The story is considered to be an archetype of symbolism in science fiction.

==Synopsis==
A man named Garrard is a test pilot for an experimental space ship bound for Alpha Centauri. Previous attempts to make the trip have failed. Garrard is put in the ship in suspended animation and wakes up after the ship has gone into "over-drive". The first thing he remembers is the injunction: "Don't move". Garrard realizes that ship time seems to be almost stopped relative to his conscious time; he is not breathing, and his muscles respond slowly to mental directions. He calculates that 6000 years of subjective time will pass before the ship reaches its goal. Suddenly, he realizes that ship time is speeding up, until it equals, then exceeds, his subjective time. As the differential time rates increase, he again loses control of his body and goes into "pseudo-death".

Garrard awakes as the ship comes out of overdrive near Alpha Centauri. Around him in the space ship is a group of dreamlike beings that call themselves "the clinesterton beademungen" and speak to him in dream-language, which he understands perfectly.
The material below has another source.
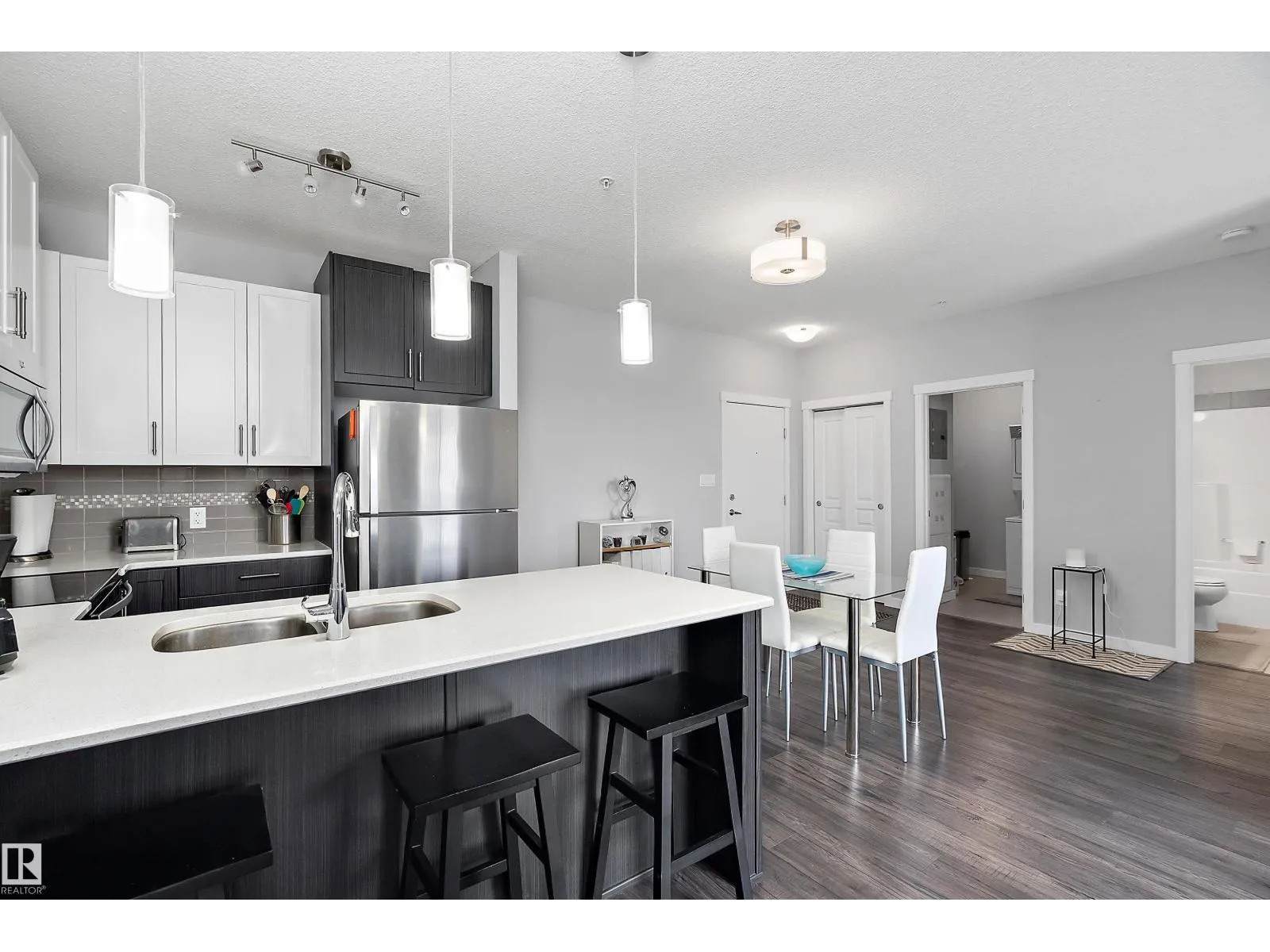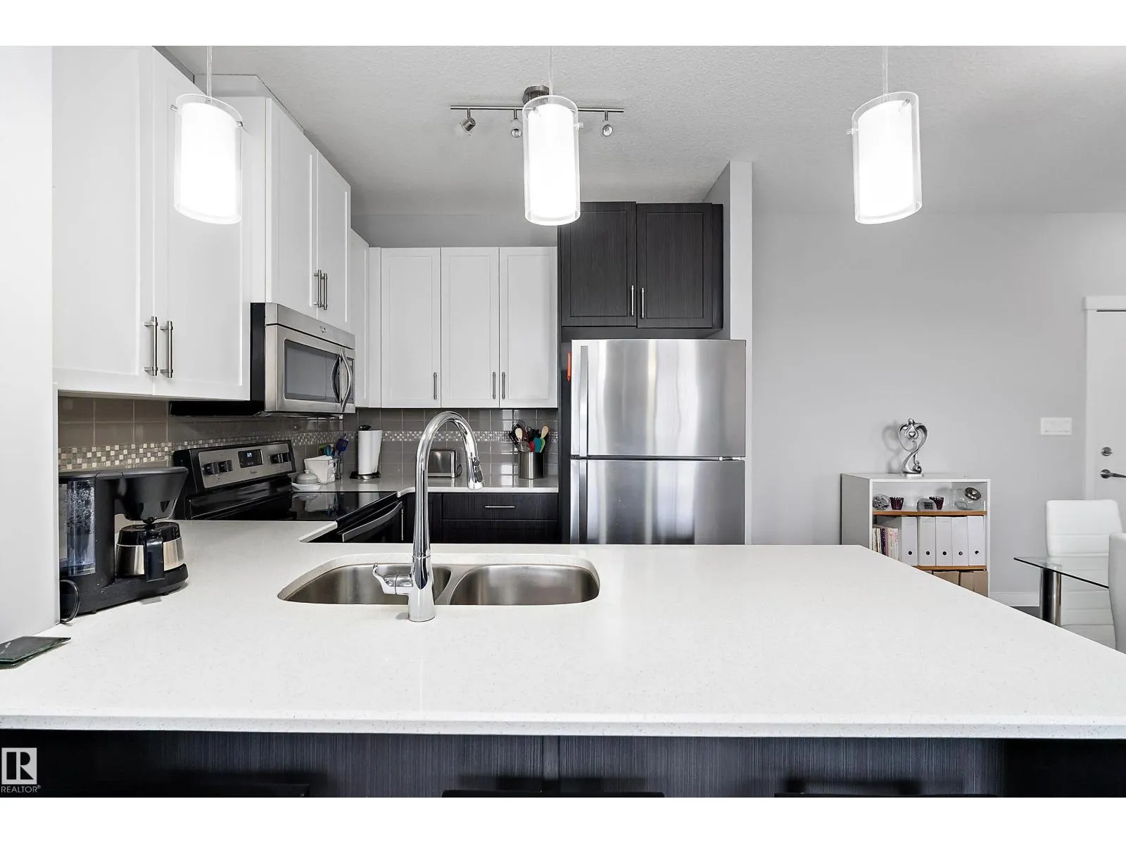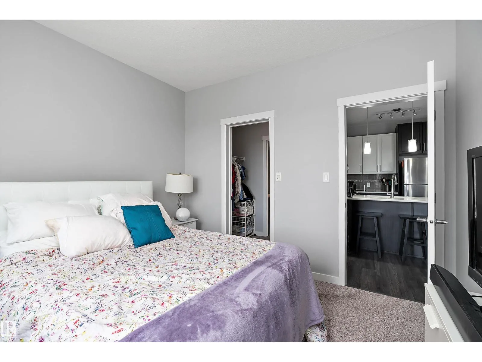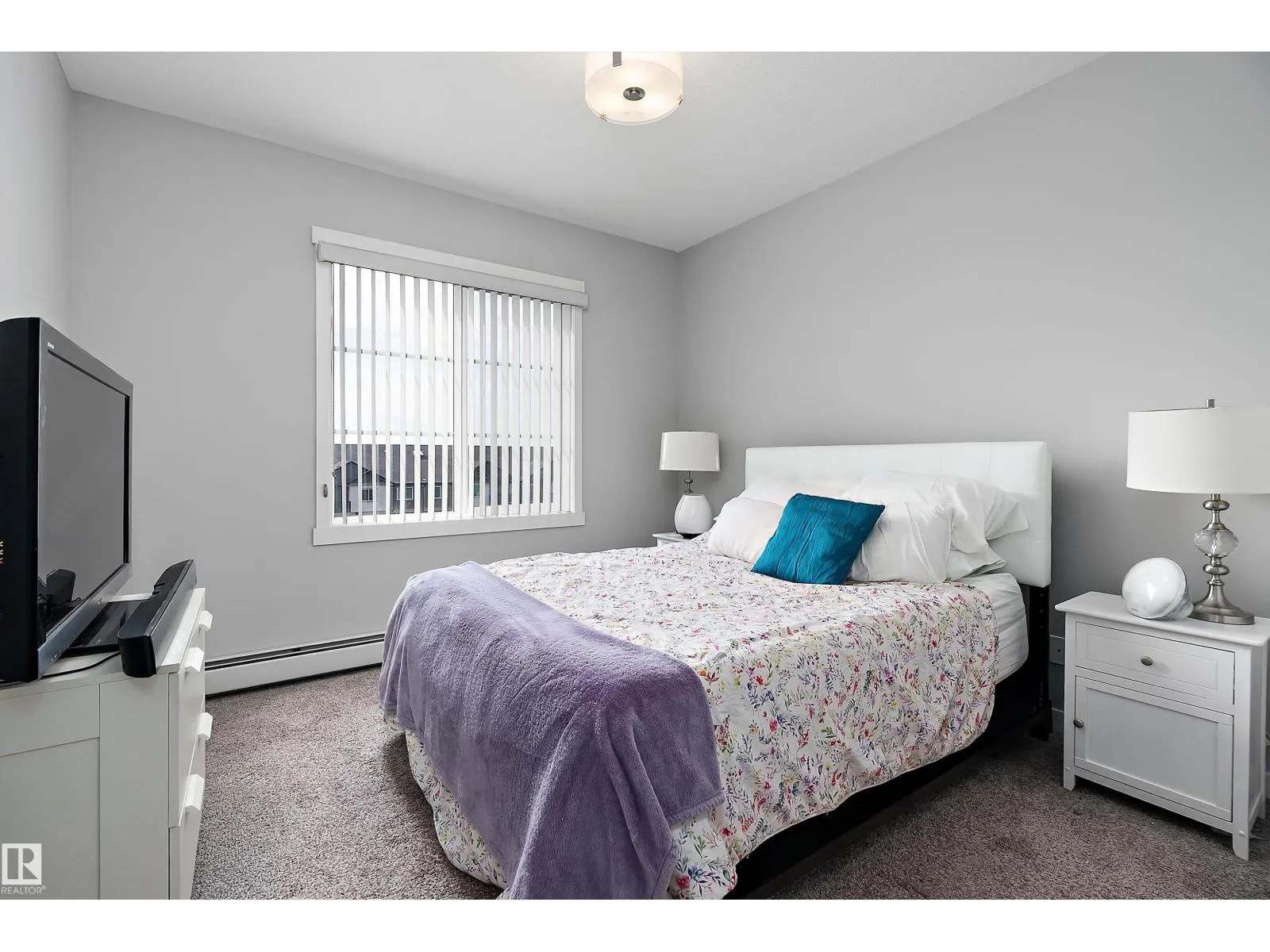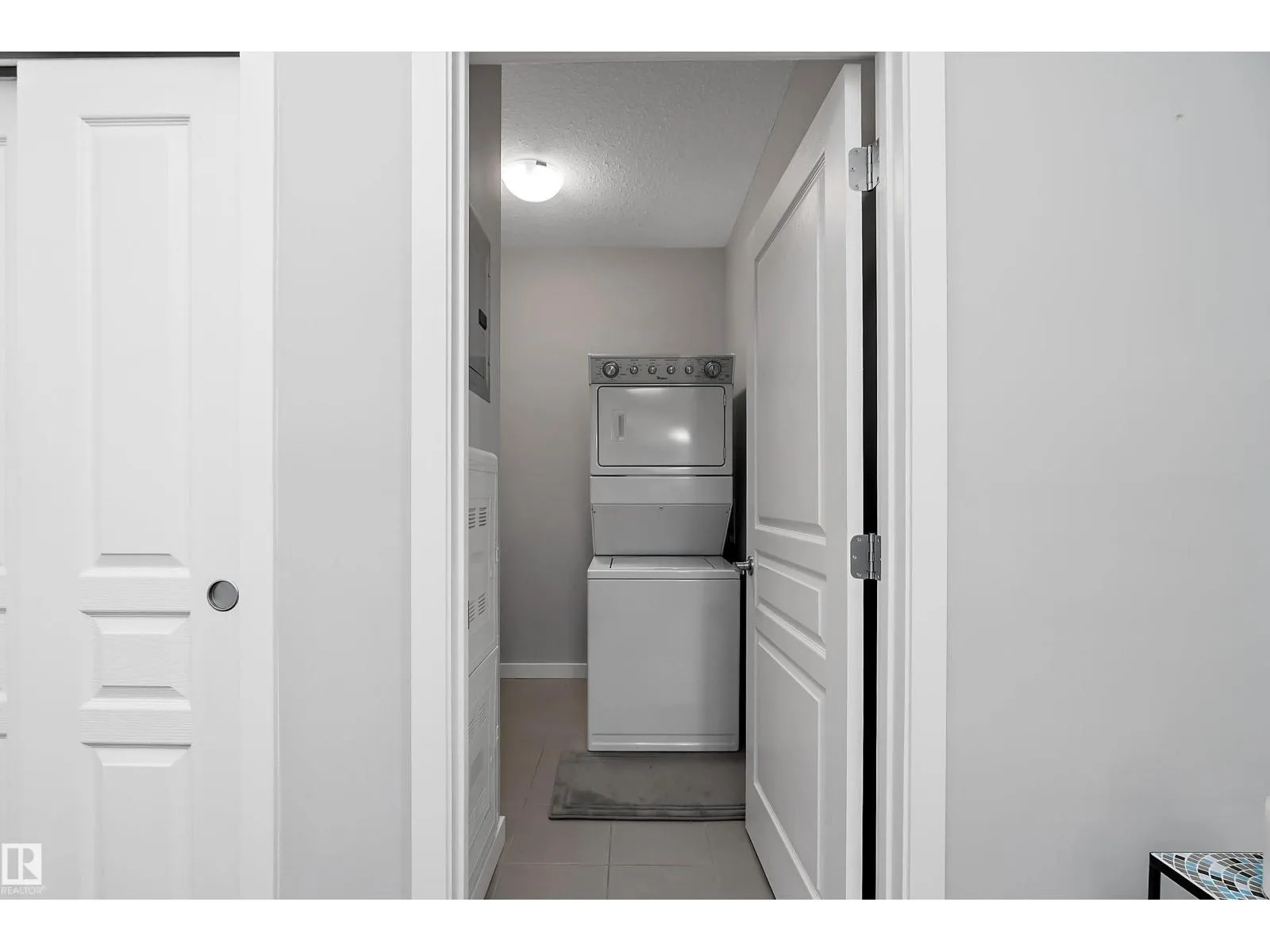 WEST FACING, TOP FLOOR unit with 2 brs and 2 bathrooms. Condo fees include utilities. This 881 sq.ft. home has soaring 9' ceilings providing a more spacious feeling. Upgrades include: AC, cabinetry and drawers are all SOFT CLOSE , QUARTZ kitchen countertop with breakfast bar and subway tile backsplash, tile floors in bathrooms and laundry room, Kohler faucets, QUARTZ counters and backsplash in both bathrooms. Things the owner likes about their home: being on the TOP FLOOR with high ceilings, layout, flooring ,the colors of the walls and cabinets, the UPGRADES paid for when they bought from the builder, insuite laundry and storage, AC, appliances, the AMAZING SUNSET VIEWS, a pots and pans drawer, and that it's a GREAT KITCHEN FOR BAKING. What they like about the neighborhood: it's a great location close to schools, shopping, services, lakes and various WALKING PATHS, great access to Ellerslie Road, The Henday, other main arteries, and the airport. The TITLED UNDERGROUND stall is in a great spot. (id:27476)

The story's narrative also becomes dreamlike at this point, suggesting that Garrard's experiences are indescribable. As the ship's automatic mechanism is about to start the journey back to Earth, Garrard again goes into pseudo-death, and remains in that state until the ship nears Earth. He lands safely. He can no longer remember what the "beademung" was like or even if it was real, but he has a haunting sense of loss.

==Symbolism==
In In Search of Wonder, Damon Knight argues that the story is a symbolic representation of fertilization of a female ovum by a sperm, and that the protagonist Garrard is the sperm. The Earth represents the testes; Alpha Centauri is the uterus; and the beademung is the ovum. Furthermore, Knight argues, the first part of the story, which contains all the intercourse symbolism, is told backwards. Even the title, Knight argues, is an unintentional pun for "Come on time".

==Author's commentary==
James Blish (quoted by Damon Knight ) said about Knight's interpretation of his story:

The reference to the Alpha Centauri stars as 'the twin radioceles' obviously comes from varicocele, a common form of hernia involving the testicles, and I think now that the whole thing was suggested by the Earth-Moon balls on the cover around which I wrote the story. The main Alpha Centauri star and Proxima Centauri stand in about the same relationship as the Earth and the Moon, and both pairs might be described as one-hung-low. Also, the story is about love-and-death; it says it is. But I'm just now beginning to believe it. Writing frightens me.